At first the whole experience was a little jarring, especially since Cinnamon sounded so different than her commercial and the recorded voice! Her voice was raspy as though she subsisted on a diet of vodka and unfiltered cigarettes. She sounded older and less engaged than I’d expected, but I quickly realized that when one spends so many nights alone, yearning for love and looking for it in all the wrong places, they’re bound to be a little broken down.
There was a subtext of pain and hesitance beneath her coldness, and I did everything I could to break down the barrier between us. I began calling her Cinna, Cinny, Cinyminny, and any other cute nicknames I came up with. I could tell by the way she didn’t protest or react that liked her nicknames. We were making real progress here.

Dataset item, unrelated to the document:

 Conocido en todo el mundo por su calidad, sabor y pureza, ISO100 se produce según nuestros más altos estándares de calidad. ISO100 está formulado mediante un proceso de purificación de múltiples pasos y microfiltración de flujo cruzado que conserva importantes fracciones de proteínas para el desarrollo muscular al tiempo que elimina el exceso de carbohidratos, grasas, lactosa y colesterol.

Over the course of the next six hours, I laid the ground work for what was sure to be the most important relationship of our lives. Cinnyminny never really seemed interested in having a conversation, but she also didn’t seem to be in a rush to get off the phone, so I knew she was playing hard to get. She also kept bringing the conversation back to sex, and some of the things she said were absolutely shocking. I told her, “I know you’re just saying those things because you think men expect you to say them, but I’m not interested in all that. I want to know about the real you.” We were at the bottom of a steep hill to a happy, healthy Cinnamon, but I’d climb Mount Everest just to see her smile.

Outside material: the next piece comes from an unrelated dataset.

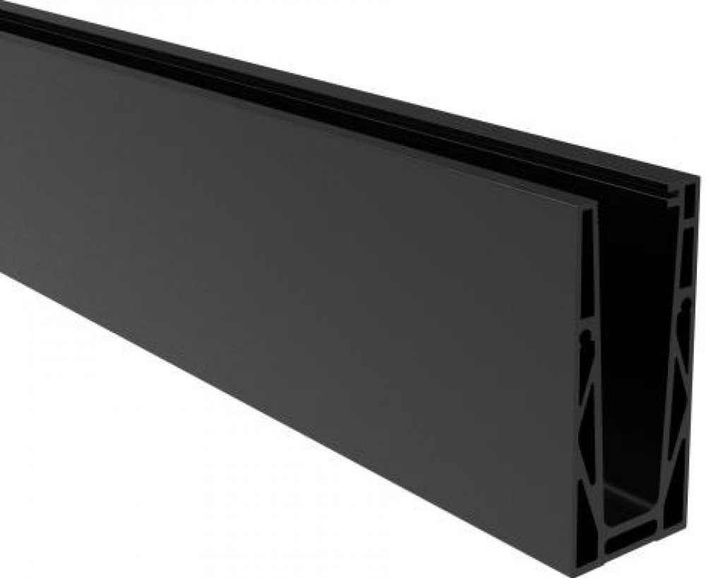 Hliníkový kotvící profil ELOX 121/45 mm pro sklo. Kotvení z vrchu do podlahy. Dodávány v délkách 2500 mm (13ks otvorů d13 mm pro kotvení). Dodávané bez těsnění. Povrchová úprava BLACK ELOX - brus. Al kotvící profil - kotvění vrchní

When it came time to end our conversation, Cinnabun feigned disinterest, but I wasn’t fooled. I knew she didn’t want to come off as the desperate woman from the commercial. She wasn’t really putting herself out there, so I took the next step: I promised her I would call again. She told me that she couldn’t guaranteed I’d speak to her the next time I called, but any of the other girls would be more than happy to have me call them Cinnamon. I don’t really have an explanation for that one, but it was late, we were both a little punch drunk, and maybe she’d just misspoke. We said our goodbyes, or rather I tried to say goodbye but was abruptly returned to the automated menu, and with heavy heart I retired to bed.
The next day I reflected upon the previous night’s endeavor and realized that it wasn’t a love connection. I couldn’t be the man she wanted me to be, and she clearly had some issues to work out that were beyond the scope of my understanding. I never called back, and the only time our paths crossed again was when my credit card company called to tell me that $720 had been charged to my account by an entity known only as “Livelinks.” They asked if I wanted to dispute the charge, but I smiled to myself and said no. Cinnamon clearly needed the money more than I did, and if my $720 helped propel her towards a better life, then I’d done my part as her friend.
Every once in a while I’ll still see Cinnamon’s commercial. Still bored, still lonely, still searching. I’d smile, think of our conversation, and hope that someday she’d find what she was looking for.